MAMA: Markup report, part 4: Forms, tables, and plug-ins, oh my!

By Brian Wilson

Introduction

In this week's overview we wrap up MAMA's look at markup by covering its most complex structures—forms, tables, and plug-ins. These topics take Web pages from a simple series of text, links, images, and lists to an entirely different level. Forms greatly expand user interaction possibilities. Tables generate axial relationships—which authors have creatively distorted for their most popular (and questionable) use, creating pixel-perfect grid based layouts. Plug-ins afford extensibility beyond HTML's stock capabilities. Without any of these features, HTML would be a barren, unexciting markup language. For a deeper look at these areas and more, the following MAMA article topics are also available this week:

Forms

Aside from hyperlinks, forms are the main way in which users interact with the Web. Among their varied critical uses, forms allow people to find things with search engines, publish their thoughts with blogging systems, and buy things on e-commerce sites. Forms in general are very popular—found on up to one-third of all pages analyzed.

Elements used in forms

The popularity of the main types of form elements varies widely, and sometimes surprisingly. For example, almost every FORM has an INPUT, but relatively few make use of TEXTAREA. Such variations may be due to a number of factors, including inherent biases in MAMA's current URL set (a majority of MAMA's URLs are Surface/Home pages, which rarely have forms on them, apart from the increasingly-popular search field). The intended use of a Web page often dictates the types of elements used, including form elements.

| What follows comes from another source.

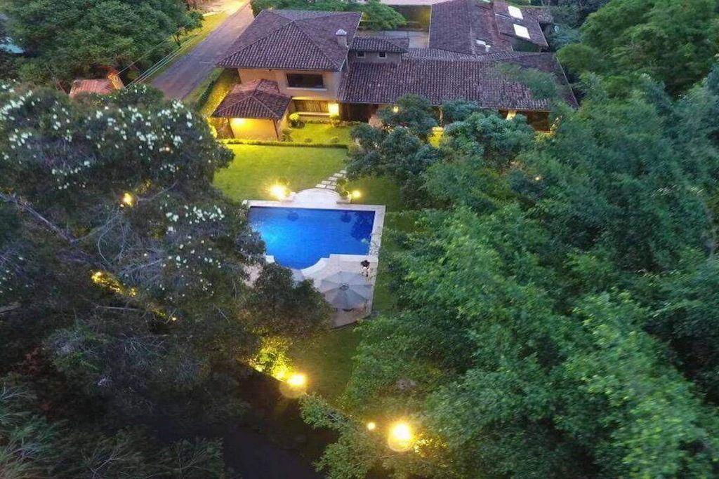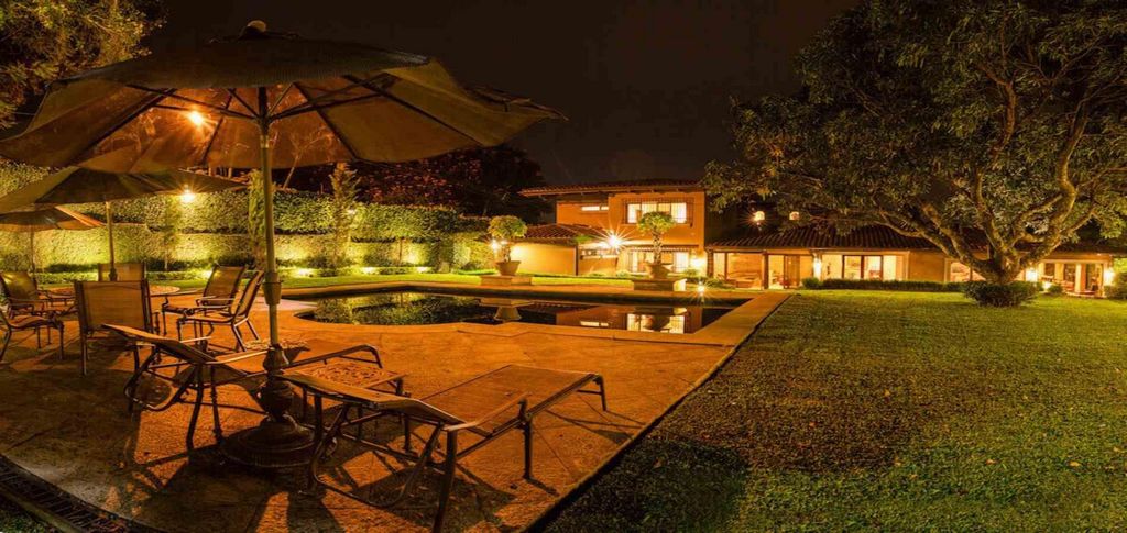 - Barbecue Property-RC985 House in Luxury Private Residential in Escazú. First floor: 2 living rooms, dining room, front dining room, 1/2 guest bathroom, large kitchen, large laundry room, 2 maid's quarters with 1 full bathroom, 2 wine cellars, garage for 2 cars under roof, 1 room for storage and 1 full bathroom in garage. 3 bedrooms (the main one with walk in closet, bathroom with shower, toilet and independent jacuzzi), 2 full bathrooms (2 secondary bedrooms share 1 bathroom) and TV room. Large garden, pool with gas heating. Second floor: TV room, 2 bedrooms with walk in closet and own bathrooms. Luxury finishes: Marble and wood floors, sound system, smart lighting system, A/C in all rooms, gas installation for kitchen and pool, marble bathrooms, kitchen with granite countertops. Security fee:₡80,000 Year of construction: 1996 Extensive refurbishment: 2016 ALL FURNITURE IS NEGOTIABLE ALSO FOR RENT AT $11,500 + VAT

Frequencies of form-related elements
ELEMENTFrequency ELEMENTFrequency
FORM1,040,771TEXTAREA36,410
INPUT1,008,545FIELDSET31,673
SELECT285,362LEGEND18,269
OPTION281,923BUTTON11,455
LABEL159,631OPTGROUP5,348

The FORM element

We will start our look at form elements by looking at its main container element: FORM. It was detected in 1,040,771 of MAMA's URLs. Notice that the Action attribute is used on most of these pages—it specifies what to do with the information the form is collecting. This attribute is required, so the dominance here is understandable. The Method attribute is only slightly less popular than the Action attribute (89.4% of all forms usage).

Top attributes of the FORM element
Form
Attribute
Frequency
Action977,934
Method930,343
Name570,643
Id266,886
Target199,085

The Method attribute

Approximately 70% of pages that specify an explicit HTTP Method use the "post" method, while ~46% use the "get" method. This would indicate a clear authoring preference for the "post" method, but there are a few factors to consider. About 15% of the pages specifying the Method attribute use multiple forms on the page that mix both "post" and "get" methods. There are 110,428 URLs that used the FORM element with no Method attribute; "get" is the implied default value in such cases. This brings the relative preferences for Method amongst all FORM usages much closer: 62.2% for "post" and 51.6% for an explicit or implied "get" value.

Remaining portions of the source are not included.